If only people understood that when the market rejects something it means they themselves rejected it as consumers.
Maybe then they'd quite supporting politicians who try to force them to do things they don't want to do.
Even the entire "recycling" movement is largely a scam. 80% of "recycled" materials are never recycled and simply thrown away in landfills.
Driving around hundreds of trucks to transport material isn't "carbon neutral".
Basically the scam is: Be mayors brother in law, open a recycling center, have city pay to transport material to you for free, selectively pick out the 20% of items that are worth recycling, sell material for a profit. Greenwash the entire operation and brow-beat anyone who sees thru the grift.
reply
As an economist, recycling always bugged me. If these are valuable inputs, shouldn't someone be paying me to sort them and make them available? Alternatively, why weren't recyclers basically just mining this stuff out of landfills themselves?
As with all this stuff, the market can tell you what is worth doing from a resource use standpoint.
reply
When I was growing up in 70s there was a "can man" who used to come down the street on his bike and dig thru the trash cans and get any aluminum for recycling. To make things easier for him we would put cans on the top.
I was talking with a colleague of mine who was born in Mexico and we got on that subject and he said he had similar in his neighborhood but more extensive.

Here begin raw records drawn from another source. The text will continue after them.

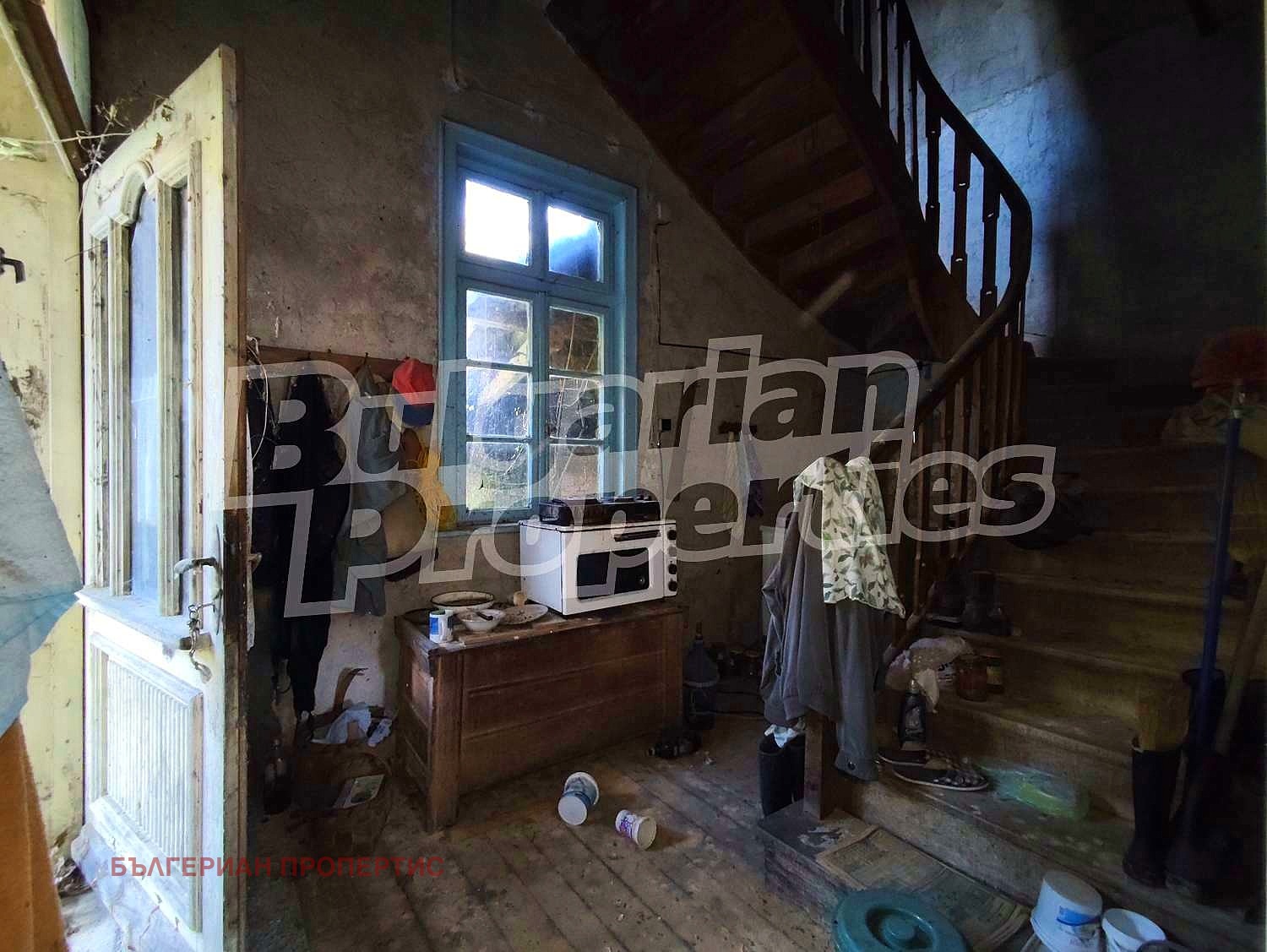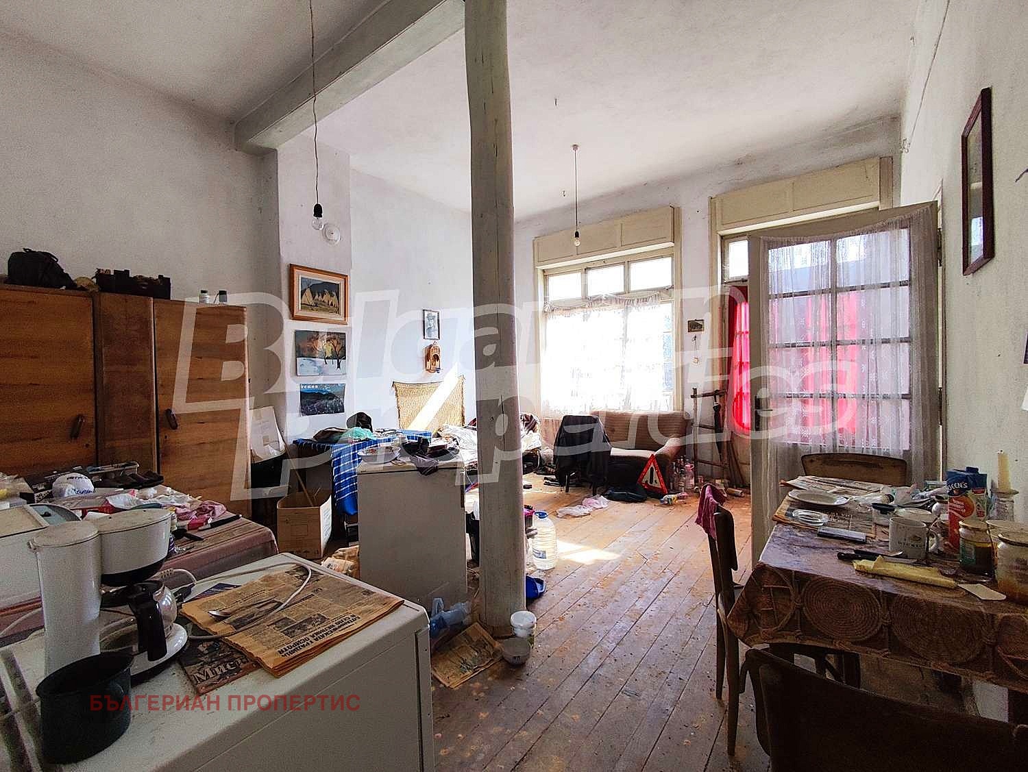 Първи етаж с височина на таваните около 3.20 м, включва голяма всекидневна, кухня, спомагателна стая и антре с вътрешно стълбище към второто ниво. Просторът и високите помещения дават възможност за интересни архитектурни решения при реновиране.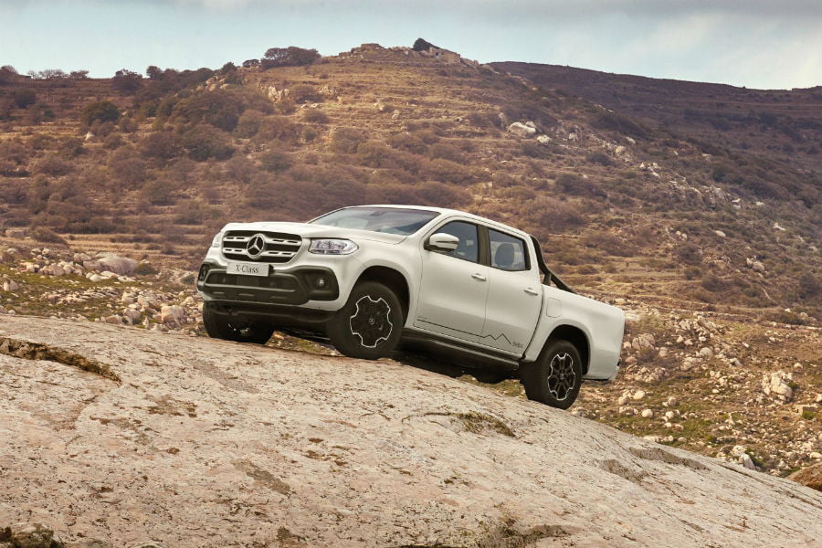 Εμφανισιακά δεν χρειάζονται περισσότερο από δυο ματιές για να αντιληφθεί κανείς πως η συγκεκριμένη X-Class είναι διαφορετική από τις άλλες: τα αυτοκόλλητα με την ονομασία στο κάτω μέρος των θυρών, τα σκαλοπάτια, οι νέες ζάντες αλουμινίου των 18 ιντσών και η μπάρα στην καρότσα από στιλβωμένο χάλυβα ξεκαθαρίζουν αμέσως την διαφορετικότητα του γερμανικού pickup. Τα χρώματα είναι τα εξής δυο: άσπρο και μαύρο. Λιτά κι απέριττα.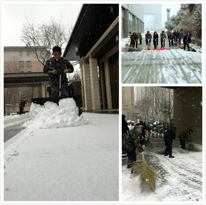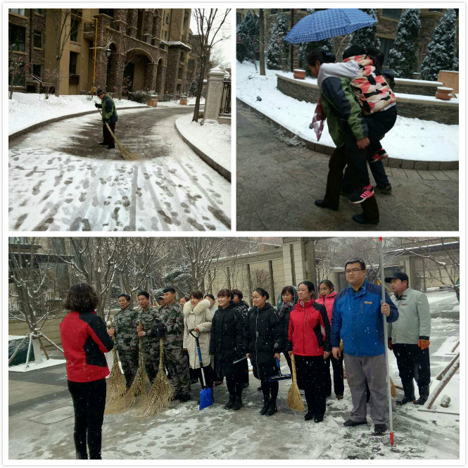 景致不可多得的同时,给广大业主的出行带来了不便,尤其是老年人极容易摔跤,为了保障业主的安全出行,在雪还在洋洋洒洒的同时,公司所辖的各项目部员工在项目经理的带领下着手开始扫雪,确保园区内各主干路内的行人及车辆畅通无阻,给业主带来的影响降至最低。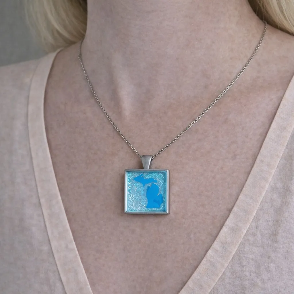 | Great Lakes Jewelry ⸻ Description Unique Michigan state pendant necklace featuring a square gla... Show more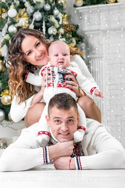 Счастливая молодая семья с сыном возле рождественской елки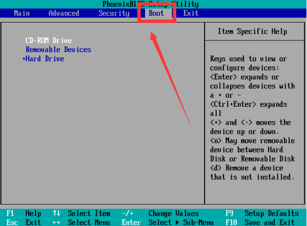 3、此时按住【+】键将选项向上移动到页面的第一个位置上,也就是把【removeble devic】移动到最上面,设置为第一启动项。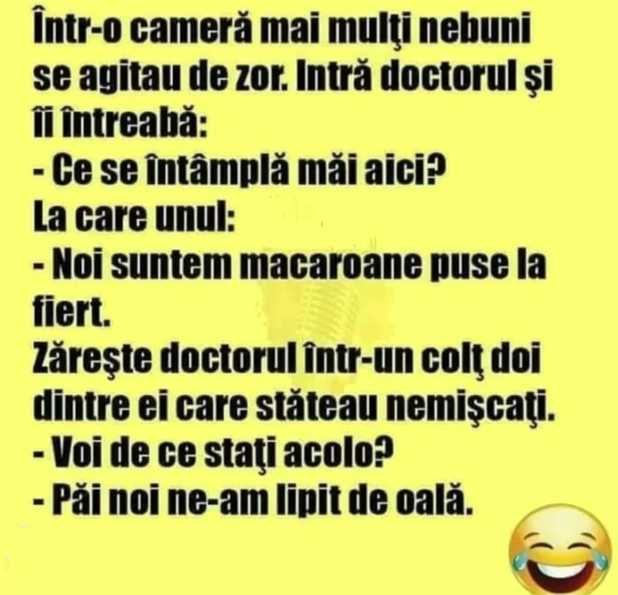 CANCAN.RO ți-a pregătit un banc de nota 10. Un doctor – dintr-un spital de nebuni – se confruntă cu o situație neașteptată. Ești pregătit să râzi cum nu ai mai făcut-o de mult timp? Spor și voie bună!

There were multiple people who would specialize in things....aluminum, glass, cardboard, etc.
Economically I have to assume: If its not worth someone coming to get it for free, then its probably not worth recycling.
reply
I sort of recycle aluminum. I place bags of aluminum cans in my alley for someone to take.
We used to have a big problem with dumpster diving
I only recycle aluminum because making it uses a lot of energy.
I never recycle glass
reply
We do cardboard as well as aluminum, but that's largely because our local trash collection makes throwing cardboard boxes away difficult.
reply
If its not worth someone coming to get it for free, then its probably not worth recycling.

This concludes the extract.